**WORK REQUEST**: The entries below contain a line with "そこで今回、通信教育講座『S" and a line with "(学生工作办公室主任刘桢开展就业材料规范性培训讲解)". Quote exactly those two lines and all lines between them.

**RECORDS TO USE**:

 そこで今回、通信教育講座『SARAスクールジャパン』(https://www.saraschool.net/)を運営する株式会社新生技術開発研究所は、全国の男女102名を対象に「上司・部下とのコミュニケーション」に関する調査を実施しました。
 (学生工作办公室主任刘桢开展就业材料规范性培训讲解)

...

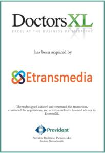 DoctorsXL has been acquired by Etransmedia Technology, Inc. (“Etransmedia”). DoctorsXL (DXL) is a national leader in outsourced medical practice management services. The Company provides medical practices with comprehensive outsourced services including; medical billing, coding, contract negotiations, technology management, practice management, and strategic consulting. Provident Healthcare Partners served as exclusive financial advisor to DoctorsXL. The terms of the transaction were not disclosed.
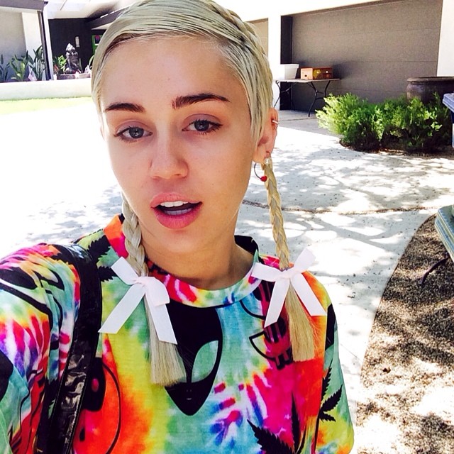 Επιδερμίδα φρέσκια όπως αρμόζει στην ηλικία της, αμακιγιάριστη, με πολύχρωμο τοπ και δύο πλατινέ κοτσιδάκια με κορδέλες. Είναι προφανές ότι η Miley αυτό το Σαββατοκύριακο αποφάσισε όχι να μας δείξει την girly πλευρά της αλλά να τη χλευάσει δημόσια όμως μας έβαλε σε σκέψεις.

**TASK ANSWER**:
 そこで今回、通信教育講座『SARAスクールジャパン』(https://www.saraschool.net/)を運営する株式会社新生技術開発研究所は、全国の男女102名を対象に「上司・部下とのコミュニケーション」に関する調査を実施しました。
 (学生工作办公室主任刘桢开展就业材料规范性培训讲解)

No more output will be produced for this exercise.